One in six patients with systemic lupus erythematosus was readmitted within 30 days after discharge in a multistate, administrative database study of more than 800 hospitals and 55,000 hospitalizations, and these readmissions occurred more often among black and Hispanic patients than whites.
"These findings suggest potential racial disparities in factors that are known to influence readmissions, such as the quality of care delivered in the hospital or during health care transitions to the outpatient settings," lead author Dr. Jinoos Yazdany, codirector of the lupus clinic at the University of California, San Francisco, said in an interview. "Poor access to high-quality care, both in the hospital and in the outpatient clinic, may be contributing, but further research is needed to prove this."
Patients with systemic lupus erythematosus (SLE) on Medicare or Medicaid also had higher readmission rates than those on private insurance, Dr. Yazdany and her associates reported Aug. 11 in Arthritis & Rheumatology.
Up to 25% of patients with SLE are hospitalized each year, and SLE has the sixth-highest readmission rate of any medical condition in the United States. To better characterize SLE readmissions, the researchers analyzed an administrative dataset representing 31,903 adult patients with SLE admitted at 810 hospitals in California, Florida, New York, Utah, and Washington during 2008-2009 (Arthritis Rheumatol. 2014 Aug. 11 [doi: 10.1002/art.38768]).
Of 55,936 total hospitalizations, 9,244 (16.5%) led to readmission within 30 days, the investigators reported. Patients were more likely to be readmitted if they were younger (odds ratio, 0.98 per year; 95% confidence interval, 0.98-0.98); black (OR, 1.18; 95% CI, 1.09-1.28); Hispanic (OR, 1.12; 95% CI, 1.02-1.22); or had Medicare or Medicaid versus private insurance (OR, 1.57; 95% CI, 1.45-1.69; and OR, 1.53; 95% CI, 1.40-1.67, respectively), the researchers added.

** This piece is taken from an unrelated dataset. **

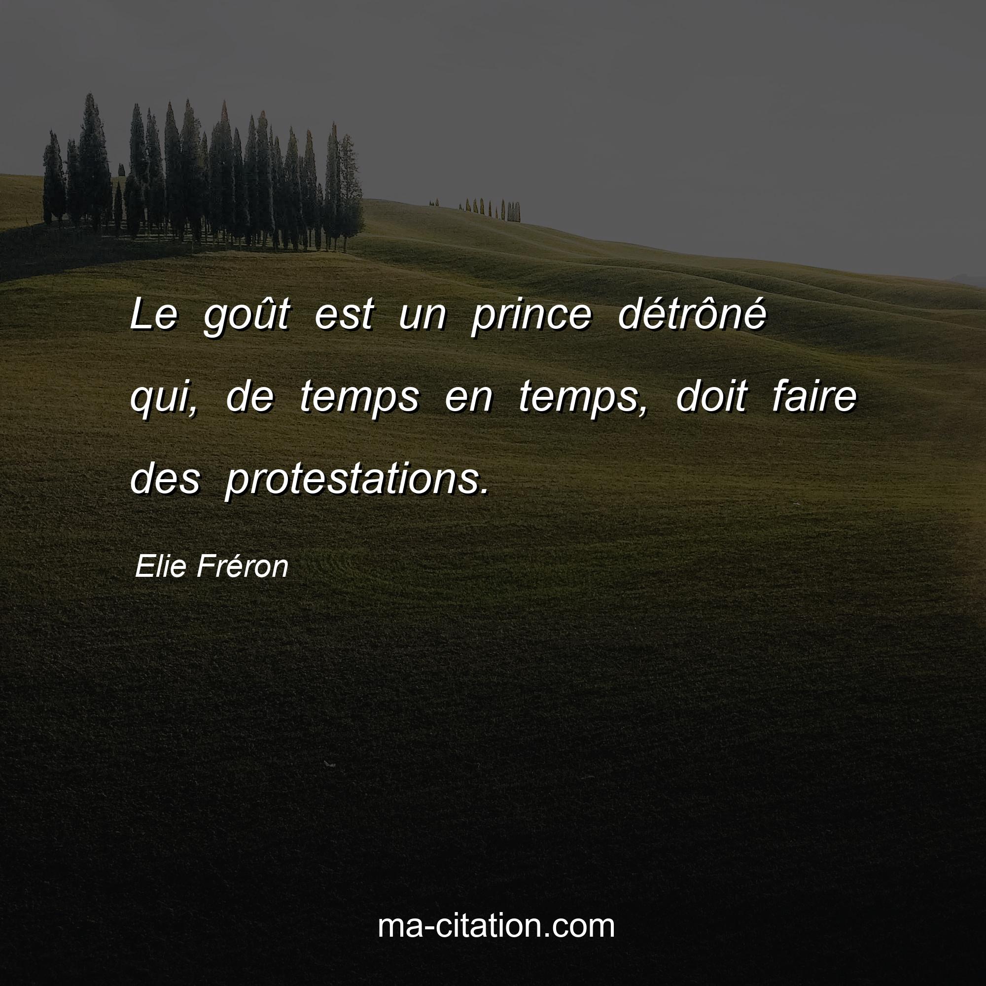 Citation sur la vie d'Elie Fréron :Le goût est un prince détrôné qui, de temps en temps, doit faire des protestations.

While SLE tends to be worse in younger patients, its greater prevalence and severity in minorities appears to be multifactorial, Dr. Yazdany said. "Environmental, psychosocial, biologic, and health care factors seem to all play a role," she noted. "This means that no one strategy will be enough to eliminate disparities in SLE."
Clinical features of SLE most often associated with readmission included lupus nephritis, serositis, and thrombocytopenia, the researchers added. New York hospitals had significantly lower risk-adjusted readmission rates than did those in California (OR, 0.77; 95% CI, 0.70-0.85), while hospitals in Florida had significantly higher rates (OR, 1.20; 95% CI, 1.11-1.32), compared with California, they reported.
"We should learn more about the systems that New York has in place for SLE patients, including whether the high concentration of dedicated SLE centers helps improve the quality of care," Dr. Yazdany said. Improving discharge planning, hospital transitions, coordination of care, and patient education are known to prevent avoidable hospitalizations in the overall population, she said. "To reduce readmissions in SLE, we need to investigate all of these strategies."
Notably, hospitals with high readmission rates for SLE did not also have higher rates for common chronic diseases such as heart disease or pneumonia, the researchers reported. "This tells us that it is important to look at SLE separately to properly target quality improvement initiatives," Dr. Yazdany said. "SLE requires highly coordinated, interdisciplinary care both in the hospital and during outpatient transitions, and our study implies that some hospital systems are doing a better job than others in caring for these patients."
Using readmissions to grade hospital quality is controversial, Dr. Yazdany noted. "However, readmissions can also serve as an outcome measure to help us identify disparities in care and to target quality improvement initiatives," she said. "Now that we know that there is significant unexplained variation in SLE readmission rates across states, the next step is to develop interventions to improve this outcome, particularly in high-risk patients."
Some states did not report whether admissions were planned, which could have led investigators to misclassify planned rehospitalizations as acute readmissions, they said. The dataset used in the study also had sparse clinical information, making it impossible to determine if readmissions were preventable, they added.
The study was partly funded by the National Institute of Arthritis and Musculoskeletal and Skin Diseases. The authors reported no conflicts of interest.